*Record set*:
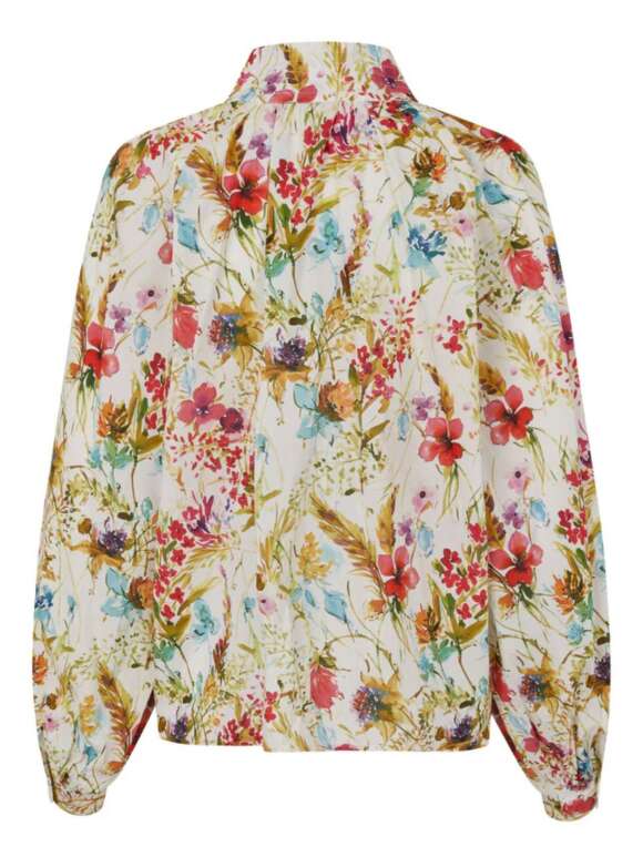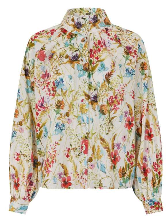 Sofistikeret hør bluse fra DEA KUDIBAL med farverigt flora print. Raglanærmerne og skuldrene på denne feminine, løstsiddende bluse giver delikate og charmerende detaljer. Blusen har en høj halskrave og med knapper ned langs fronten giver en elegant afslutning.Længde: ca. 65 cm
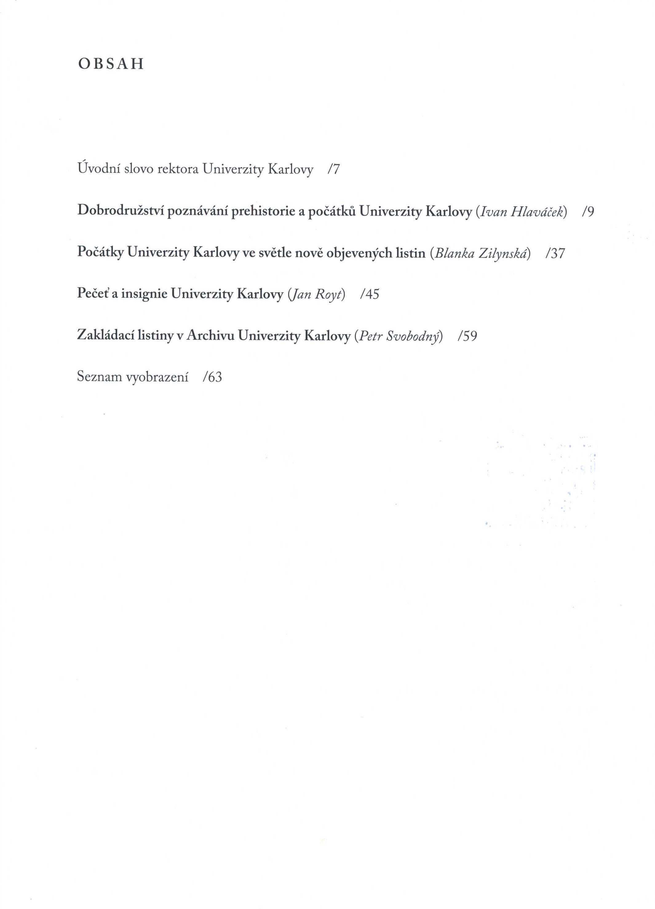 Title information Nejstarší listiny Univerzity Karlovy / Jan Royt (ed.) ; autoři: Ivan Hlaváček, Jan Royt, Petr Svobodný, Blanka Zilynská ; předmluva Tomáš Zima ; fotogarfie Vladimír Šigut, Milan Posselt a Oto Palán, René Volfík Personal name Hlaváček, Ivan, 1931- (Author) Další autoři Royt, Jan, 1955- (Author) (Editor) Svobodný, Petr, 1958- (Author) Zilynská, Blanka, 1956- (Author) Zima, Tomáš, 1966- (Author of introduction) Šigut, Vladimír, 1985- (Bookjacket designer) (Photographer) Posselt, Milan, 1942- (Photographer) Palán, Oto, 1964- (Photographer) Volfík Šramota, René, 1971- (Photographer) Ziegler, Zdeněk, 1932-2023 (Book designer) Kalivoda, Jan, 1952- (Other) Corporation Karolinum (nakladatelství, tiskárna) (Publisher) Těšínské papírny, s.r.o. (tiskárna) (Printer) Edition statement Vydání první Publication Praha : Univerzita Karlova, Nakladatelství Karolinum, 2018 Manufacture Český Těšín : Těšínské papírny, s. r. o. Scope 62 stran : barevné ilustrace, faksimile ; 26 cm ISBN 978-80-246-4175-1 (brožováno) Country Czech Republic Language Czech * Latin Language of the original Czech * Latin Note Obálka s detailem buly papeže Klimenta VI. z r. 1347. - Na přední záložce pokračuje faksimile buly, na zadní anotace knihy. - Barevná vazba s drobnou černobílou ilustracía a s dvoubarevným textem. - Znak Univerzity Karlovy na vakátě. - Frontispis (detail papežské pečetě). - Dvoubarevný text na titulním listu. - Obsah. - Předmluva T. Zimy. - Texty. - Barevné fotografie s popisky. - Některé listy rozkládací. - Seznam vyobrazení. - Přebal.
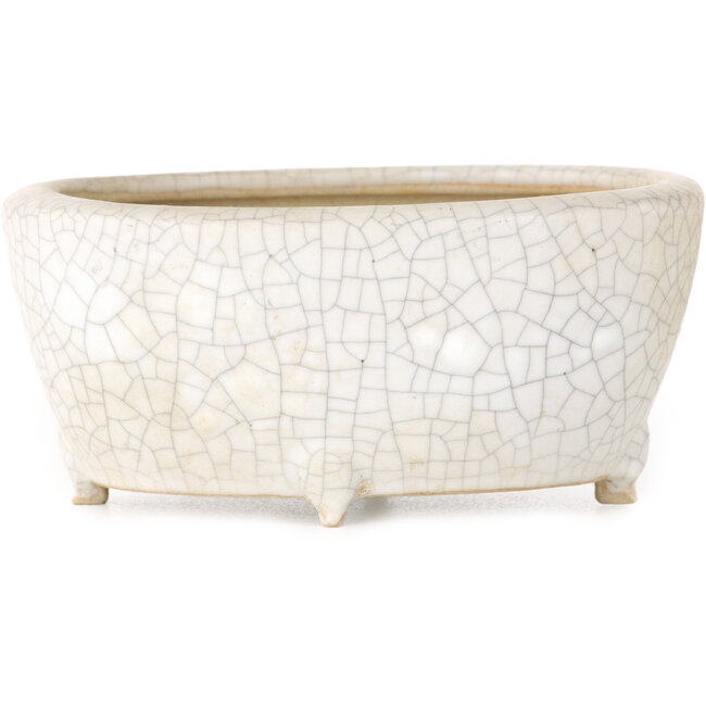 92 x 72 x 42 mm | Produttore: Eime Yozan | Origine: Tokoname, Giappone | Caratteristiche: Vaso bonsai ovale craquelé bianco fatto a mano
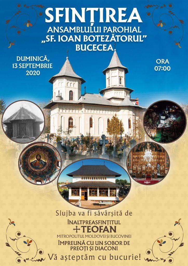 Un eveniment de o importanță deosebită pentru enoriașii Parohiei „Sfântul Ioan Botezătorul” - Bucecea, dar și a întregii comunități, va avea loc Duminică, 13 septembrie 2020, începând cu ora 07:00, când va fi săvârșită slujba de Sfințire a Ansamblului Parohial, de către Înaltpreasfințitul Teofan, Mitropolitul Moldovei și Bucovinei, împreună cu un sobor de preoți și diaconi.
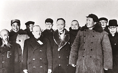 1949年3月25日,毛澤東率中共中央機關和人民解放軍總部進入北平,同前來迎接的民主黨派負責人和其他民主人士在西苑機場合影。左四為李濟深。
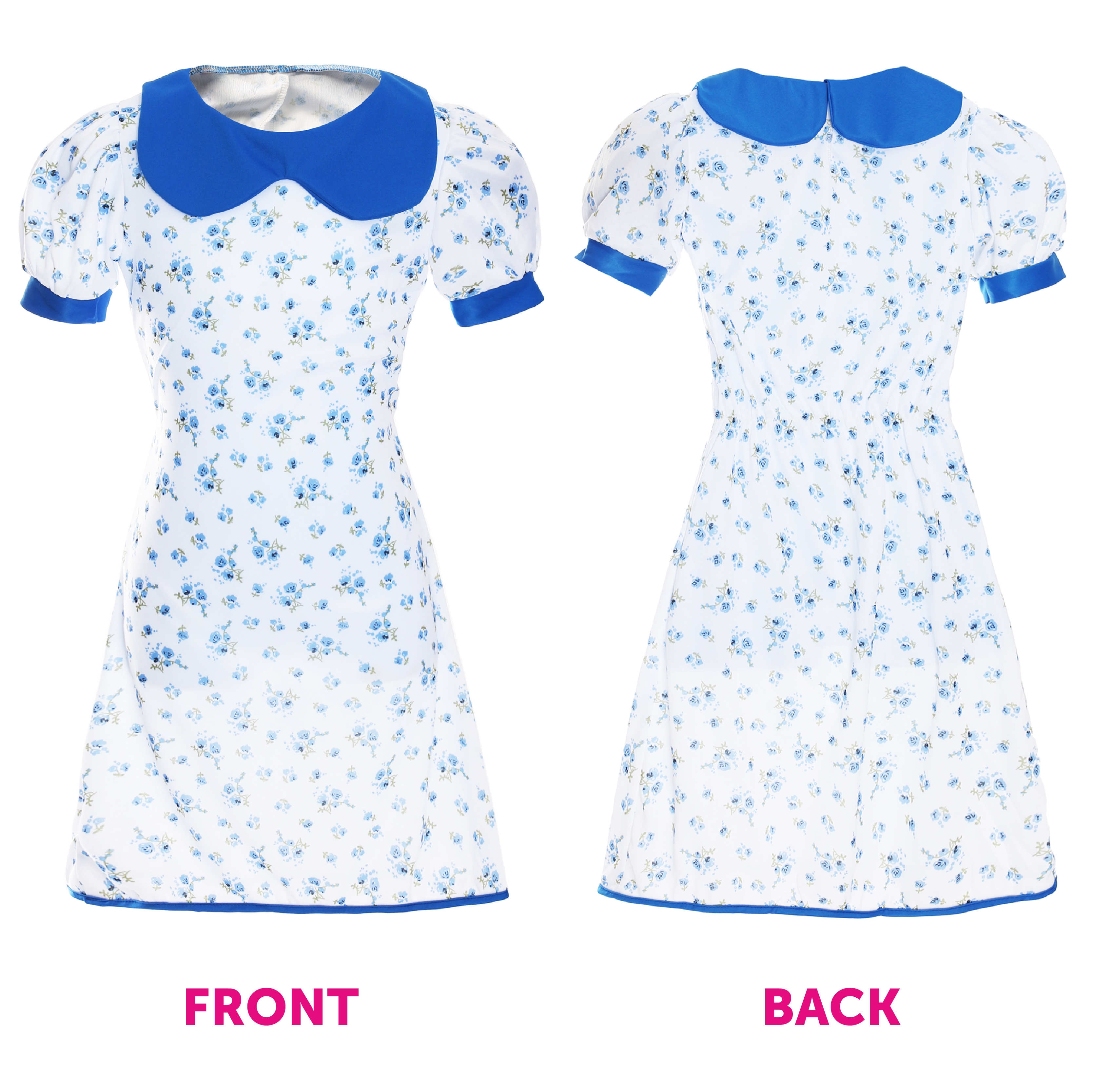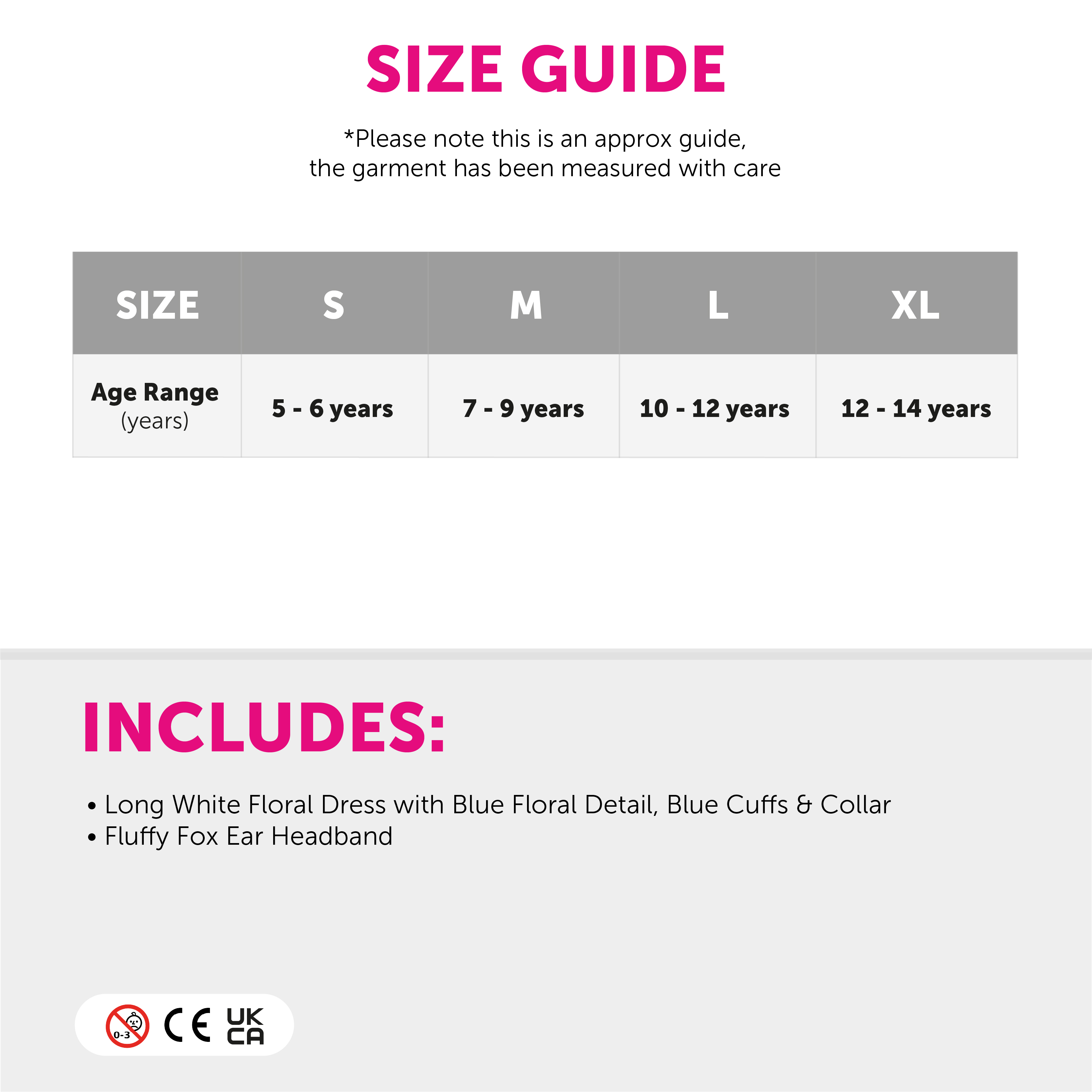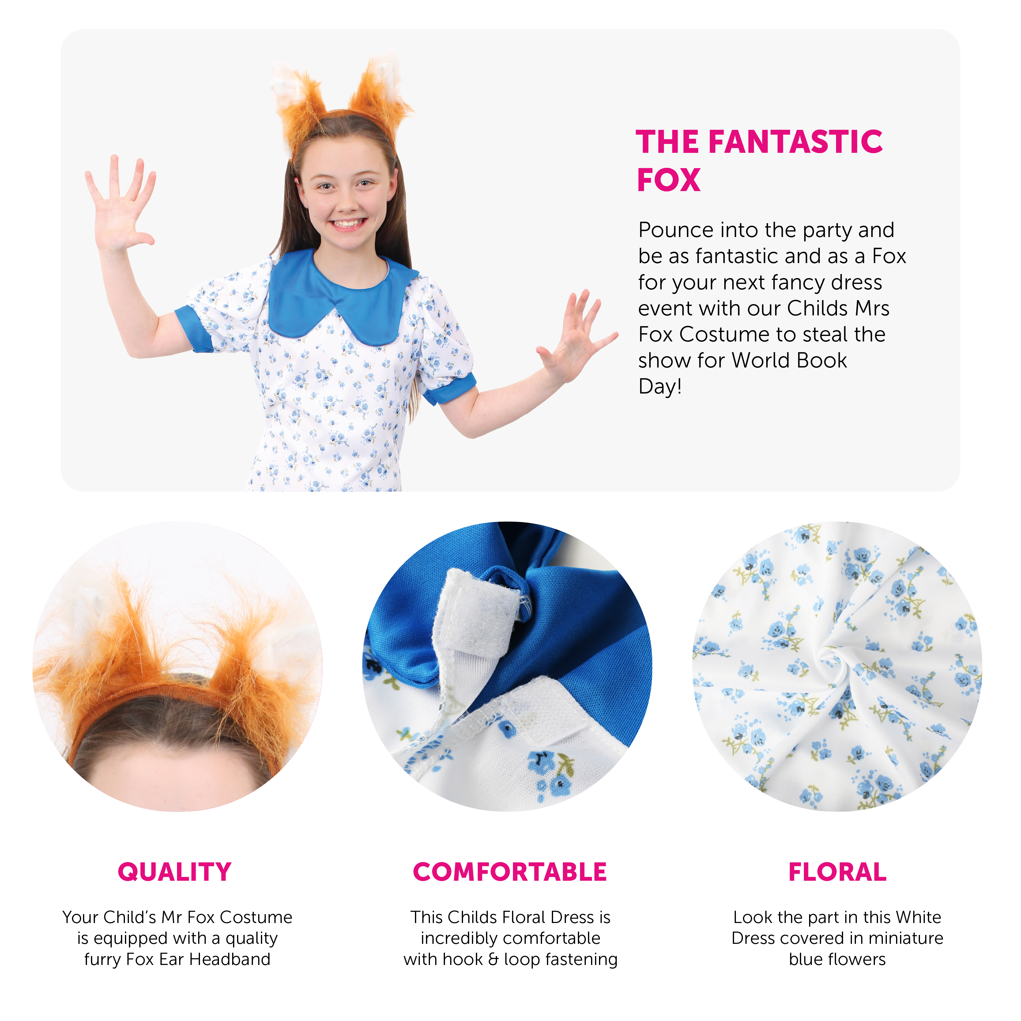 MRS FOX COSTUME DETAILS: Your Child’s Mrs Fox Costume includes a long White Floral  Dress with Blue Flowers detail, a blue collar, blue-edged sleeves and a fluffy Fox Ear Headband!
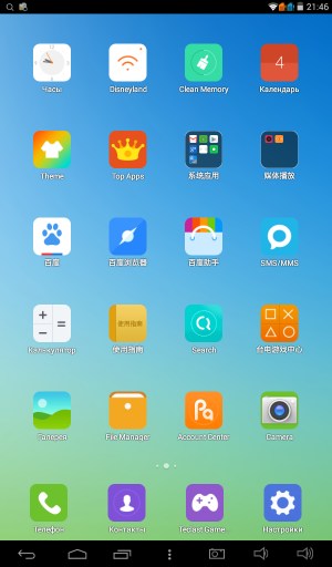 Планшет Teclast X70 3G поставляется с операционной системой Google Android 4.4.4. Она напичкана китайскими приложениями, частично переведена на английский, частично на русский. Если не считать дополнительного софта, то от стандартной версии Android здесь отличий мало. Самые заметные — отсутствие отдельного списка приложений и расширенная нижняя панель с кнопками регулировки громкости и съемки скриншота.
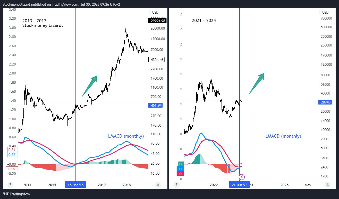 An accompanying chart showed a prior monthly MACD cross from late 2015 heralding preparations for Bitcoin’s ascent to last cycle’s $20,000 all-time high two years later.
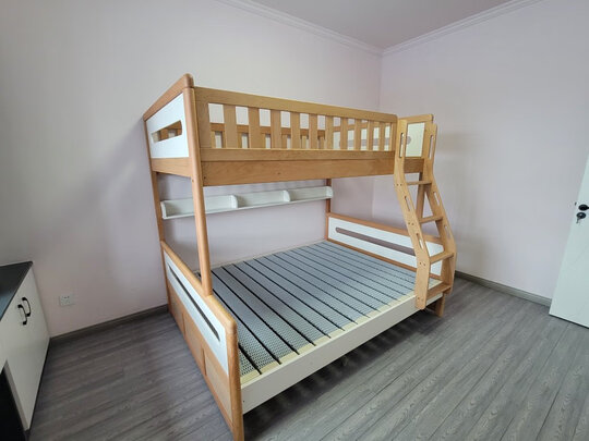 床回来了,刚安装好了,孩子高兴的一直在玩呼,质量不错阿,无毒,床睡2个人都绰绰有余,颜色也好看喔,材质不错,尺寸都合适呼,发货速度也快,很好安装呵,自己安装的
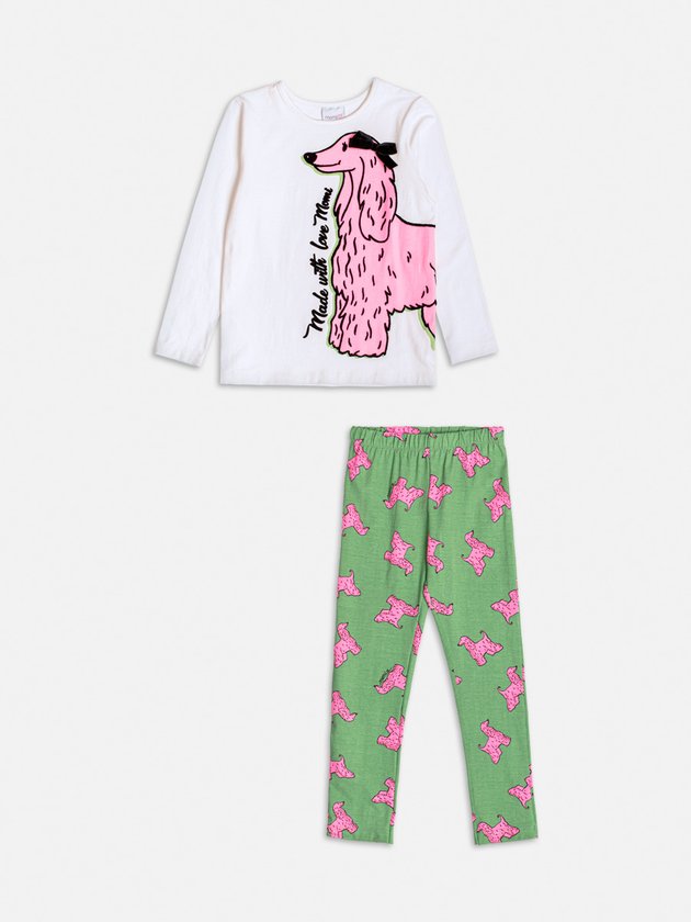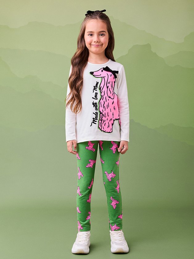 Este conjunto confortável e moderno é perfeito para meninas que amam se expressar com estilo. A blusa de manga longa, em tom branco, destaca um adorável dog pink com o texto "Made with love Momi", enquanto a legging verde traz a mesma estampa divertida de cachorrinhos, criando um visual alegre e cheio de energia. Ideal para atividades do dia a dia, com muito conforto e diversão.

*Work instructions*:
In the listing above, find the line with "An accompanying chart" and the line with "床回来了,刚安装好了,孩子高". Copy exactly those two and every line between, without the pictures.

*Response to this task*:
 An accompanying chart showed a prior monthly MACD cross from late 2015 heralding preparations for Bitcoin’s ascent to last cycle’s $20,000 all-time high two years later.
 床回来了,刚安装好了,孩子高兴的一直在玩呼,质量不错阿,无毒,床睡2个人都绰绰有余,颜色也好看喔,材质不错,尺寸都合适呼,发货速度也快,很好安装呵,自己安装的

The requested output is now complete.